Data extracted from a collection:
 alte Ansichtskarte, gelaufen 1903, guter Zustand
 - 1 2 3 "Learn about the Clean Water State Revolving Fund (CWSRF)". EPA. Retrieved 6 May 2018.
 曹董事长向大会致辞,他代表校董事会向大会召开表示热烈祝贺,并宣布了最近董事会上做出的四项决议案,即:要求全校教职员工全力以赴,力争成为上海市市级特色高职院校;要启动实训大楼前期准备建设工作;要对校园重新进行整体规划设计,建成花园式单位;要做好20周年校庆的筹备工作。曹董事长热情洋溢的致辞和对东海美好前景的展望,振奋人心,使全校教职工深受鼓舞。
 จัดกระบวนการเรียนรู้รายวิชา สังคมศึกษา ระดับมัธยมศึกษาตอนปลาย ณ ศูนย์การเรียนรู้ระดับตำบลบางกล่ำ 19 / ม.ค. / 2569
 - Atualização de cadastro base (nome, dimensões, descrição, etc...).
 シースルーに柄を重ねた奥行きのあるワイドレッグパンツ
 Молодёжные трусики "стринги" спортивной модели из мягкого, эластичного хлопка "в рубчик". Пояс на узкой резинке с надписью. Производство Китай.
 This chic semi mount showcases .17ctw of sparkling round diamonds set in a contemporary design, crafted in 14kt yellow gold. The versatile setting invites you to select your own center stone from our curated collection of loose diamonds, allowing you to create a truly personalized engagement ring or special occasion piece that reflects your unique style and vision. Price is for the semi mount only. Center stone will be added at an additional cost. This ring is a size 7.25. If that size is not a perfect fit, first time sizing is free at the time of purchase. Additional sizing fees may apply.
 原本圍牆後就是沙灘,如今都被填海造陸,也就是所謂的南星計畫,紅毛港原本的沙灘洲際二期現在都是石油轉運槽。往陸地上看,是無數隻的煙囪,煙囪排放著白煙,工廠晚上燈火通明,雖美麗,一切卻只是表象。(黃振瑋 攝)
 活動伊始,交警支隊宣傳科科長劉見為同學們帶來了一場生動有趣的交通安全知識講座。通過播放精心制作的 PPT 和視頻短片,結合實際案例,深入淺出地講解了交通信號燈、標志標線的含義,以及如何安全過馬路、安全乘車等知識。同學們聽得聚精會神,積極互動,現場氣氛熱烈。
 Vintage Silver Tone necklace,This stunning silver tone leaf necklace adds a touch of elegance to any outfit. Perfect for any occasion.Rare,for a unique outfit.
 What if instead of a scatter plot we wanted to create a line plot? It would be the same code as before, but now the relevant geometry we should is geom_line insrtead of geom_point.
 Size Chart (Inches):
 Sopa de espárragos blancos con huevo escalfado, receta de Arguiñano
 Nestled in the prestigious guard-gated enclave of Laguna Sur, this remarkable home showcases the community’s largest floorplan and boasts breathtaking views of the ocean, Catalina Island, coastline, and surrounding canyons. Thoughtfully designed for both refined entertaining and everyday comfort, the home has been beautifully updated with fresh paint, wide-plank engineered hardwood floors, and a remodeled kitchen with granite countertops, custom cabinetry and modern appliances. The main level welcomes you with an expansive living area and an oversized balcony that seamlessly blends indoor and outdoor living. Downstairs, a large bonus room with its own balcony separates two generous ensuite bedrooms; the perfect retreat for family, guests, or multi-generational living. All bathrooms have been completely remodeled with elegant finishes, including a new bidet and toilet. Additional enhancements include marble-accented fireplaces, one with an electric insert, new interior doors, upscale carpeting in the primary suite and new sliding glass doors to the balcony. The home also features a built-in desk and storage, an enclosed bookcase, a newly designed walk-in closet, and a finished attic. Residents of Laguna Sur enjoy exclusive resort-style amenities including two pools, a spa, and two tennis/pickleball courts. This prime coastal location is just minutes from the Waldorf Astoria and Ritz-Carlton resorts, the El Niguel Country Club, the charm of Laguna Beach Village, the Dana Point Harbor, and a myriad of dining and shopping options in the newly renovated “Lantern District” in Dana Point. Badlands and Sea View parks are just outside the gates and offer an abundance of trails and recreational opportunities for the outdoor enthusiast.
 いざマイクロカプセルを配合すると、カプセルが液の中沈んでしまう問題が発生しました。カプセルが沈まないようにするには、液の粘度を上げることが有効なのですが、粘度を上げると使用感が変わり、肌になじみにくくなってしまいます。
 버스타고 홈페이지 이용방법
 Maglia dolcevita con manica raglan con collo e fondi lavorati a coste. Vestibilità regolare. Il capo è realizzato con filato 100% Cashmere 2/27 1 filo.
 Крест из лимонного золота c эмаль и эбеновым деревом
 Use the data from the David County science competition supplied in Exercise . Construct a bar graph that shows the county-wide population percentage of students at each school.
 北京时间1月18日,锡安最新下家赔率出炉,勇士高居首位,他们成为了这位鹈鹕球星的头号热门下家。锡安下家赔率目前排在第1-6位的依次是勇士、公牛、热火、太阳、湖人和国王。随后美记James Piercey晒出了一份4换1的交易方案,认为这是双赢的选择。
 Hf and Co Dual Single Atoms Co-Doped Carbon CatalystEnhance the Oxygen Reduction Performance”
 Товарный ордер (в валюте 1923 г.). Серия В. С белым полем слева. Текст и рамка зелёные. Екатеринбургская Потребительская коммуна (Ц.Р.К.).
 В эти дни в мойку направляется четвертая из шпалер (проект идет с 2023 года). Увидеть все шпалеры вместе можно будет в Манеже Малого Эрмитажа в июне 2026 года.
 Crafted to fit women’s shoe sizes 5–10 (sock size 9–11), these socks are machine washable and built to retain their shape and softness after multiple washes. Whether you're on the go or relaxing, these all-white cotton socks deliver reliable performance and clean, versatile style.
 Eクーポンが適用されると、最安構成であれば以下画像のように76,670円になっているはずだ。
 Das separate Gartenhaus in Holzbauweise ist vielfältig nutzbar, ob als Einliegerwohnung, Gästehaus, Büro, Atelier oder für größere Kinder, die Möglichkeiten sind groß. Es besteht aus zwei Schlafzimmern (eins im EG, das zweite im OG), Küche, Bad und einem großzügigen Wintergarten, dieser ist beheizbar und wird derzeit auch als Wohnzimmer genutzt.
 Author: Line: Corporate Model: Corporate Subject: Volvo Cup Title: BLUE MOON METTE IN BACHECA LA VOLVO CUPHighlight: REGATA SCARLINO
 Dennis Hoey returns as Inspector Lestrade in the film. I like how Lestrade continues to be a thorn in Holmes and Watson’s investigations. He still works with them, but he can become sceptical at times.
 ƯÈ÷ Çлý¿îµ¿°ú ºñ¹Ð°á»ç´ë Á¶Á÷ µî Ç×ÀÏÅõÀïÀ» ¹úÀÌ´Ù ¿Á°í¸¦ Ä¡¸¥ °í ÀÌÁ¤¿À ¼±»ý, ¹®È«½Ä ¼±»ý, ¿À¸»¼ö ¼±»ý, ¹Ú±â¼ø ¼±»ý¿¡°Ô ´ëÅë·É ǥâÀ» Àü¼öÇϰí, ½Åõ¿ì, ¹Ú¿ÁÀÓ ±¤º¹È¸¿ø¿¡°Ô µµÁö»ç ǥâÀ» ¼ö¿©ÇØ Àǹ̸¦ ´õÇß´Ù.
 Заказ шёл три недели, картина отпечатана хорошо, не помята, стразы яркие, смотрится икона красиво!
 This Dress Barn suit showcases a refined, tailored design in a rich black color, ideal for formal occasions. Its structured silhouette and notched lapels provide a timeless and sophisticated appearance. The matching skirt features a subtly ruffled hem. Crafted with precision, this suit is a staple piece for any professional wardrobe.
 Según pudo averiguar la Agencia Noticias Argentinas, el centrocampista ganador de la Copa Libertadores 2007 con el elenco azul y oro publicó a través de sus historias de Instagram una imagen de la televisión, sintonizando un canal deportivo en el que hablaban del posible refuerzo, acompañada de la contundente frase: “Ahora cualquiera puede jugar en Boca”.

▸ Problem: Please copy the lines above from the line with "6 May 2018." up to and including the line with "This chic semi", exactly as written and with nothing else.

▸ Result below:
 - 1 2 3 "Learn about the Clean Water State Revolving Fund (CWSRF)". EPA. Retrieved 6 May 2018.
 曹董事长向大会致辞,他代表校董事会向大会召开表示热烈祝贺,并宣布了最近董事会上做出的四项决议案,即:要求全校教职员工全力以赴,力争成为上海市市级特色高职院校;要启动实训大楼前期准备建设工作;要对校园重新进行整体规划设计,建成花园式单位;要做好20周年校庆的筹备工作。曹董事长热情洋溢的致辞和对东海美好前景的展望,振奋人心,使全校教职工深受鼓舞。
 จัดกระบวนการเรียนรู้รายวิชา สังคมศึกษา ระดับมัธยมศึกษาตอนปลาย ณ ศูนย์การเรียนรู้ระดับตำบลบางกล่ำ 19 / ม.ค. / 2569
 - Atualização de cadastro base (nome, dimensões, descrição, etc...).
 シースルーに柄を重ねた奥行きのあるワイドレッグパンツ
 Молодёжные трусики "стринги" спортивной модели из мягкого, эластичного хлопка "в рубчик". Пояс на узкой резинке с надписью. Производство Китай.
 This chic semi mount showcases .17ctw of sparkling round diamonds set in a contemporary design, crafted in 14kt yellow gold. The versatile setting invites you to select your own center stone from our curated collection of loose diamonds, allowing you to create a truly personalized engagement ring or special occasion piece that reflects your unique style and vision. Price is for the semi mount only. Center stone will be added at an additional cost. This ring is a size 7.25. If that size is not a perfect fit, first time sizing is free at the time of purchase. Additional sizing fees may apply.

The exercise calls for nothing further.